I will give you a snippet of information in terms of what that looks like. We'll have a larger analyst day or an education session on January 27. Watch out for that, and you'll learn a lot more about both the patient need, how we're going to approach it from a market perspective, what the clinical development considerations are, and with even a caregiver of a patient being there, talking to us a little bit about that indication, and then finally, 2025 was an amazing year for us. It epitomized what biotech is all about. It was the first time we took a clinical program with an RNA editing compound within two years into the clinic and generated data within about a nine-month period.
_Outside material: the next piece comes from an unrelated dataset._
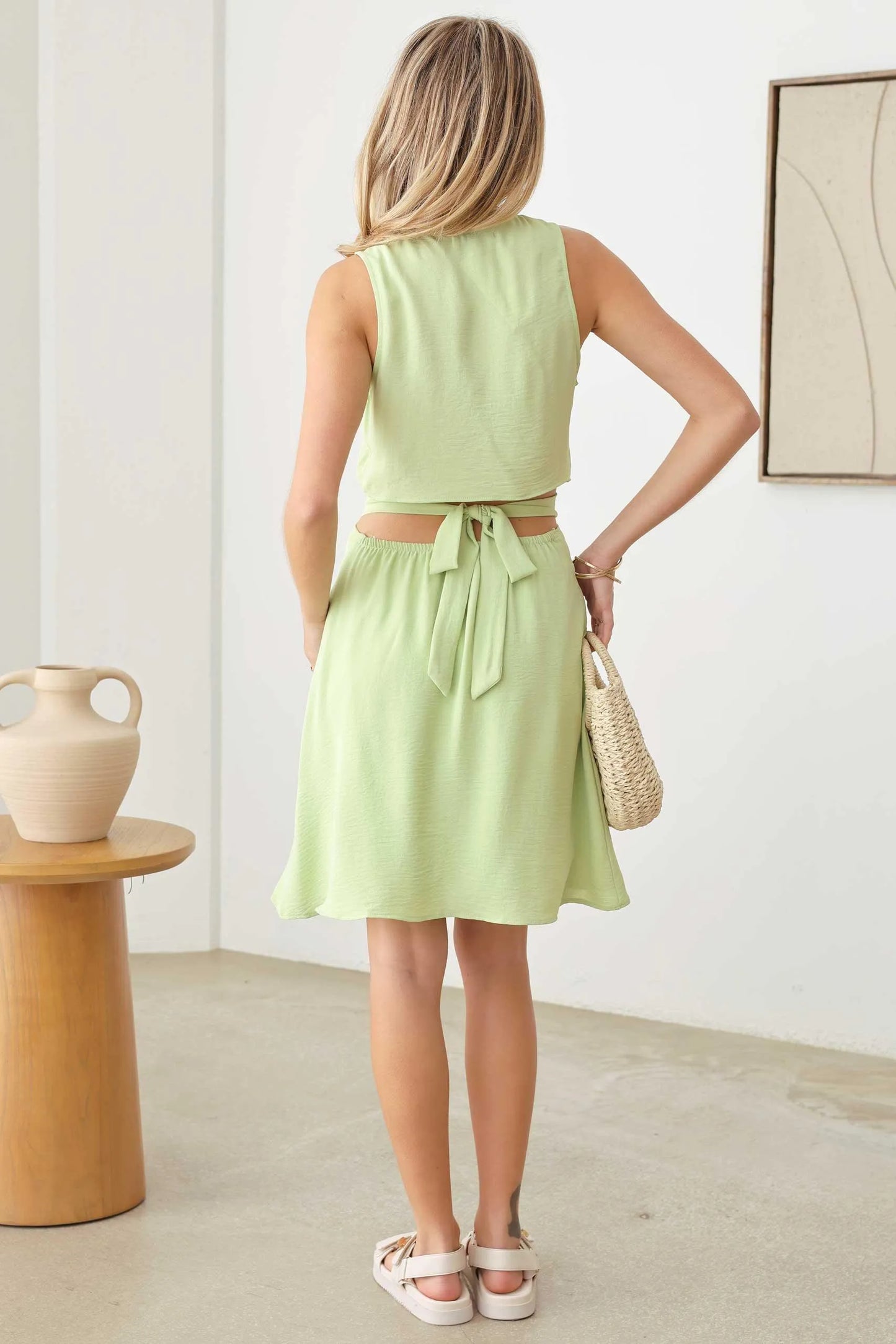 🖤 This sassy Sleeveless Waist Open Back Tie Dress in lime adds a pop of color to your wardrobe. Show off your waist and back with this flirty design. Perfect for a day out with friends or a summer date night.

The flip side to the biotech roller coaster is that the data that came out was not as anticipated, did not meet our expectations, so we pivoted, and so we'll give you a little bit of learnings that we have from that program, how we have incorporated it into our other programs moving forward. And hopefully, you'll be able to see that we've removed the question of, can RNA editing get to close to 100% or not, so bear with me, I'll walk you through all three of them. OPERA is the platform that we use. It was built on four different pillars. When you think about understanding how ADAR works and how you can leverage it, that is the first pillar of our knowledge base that has helped to build this platform.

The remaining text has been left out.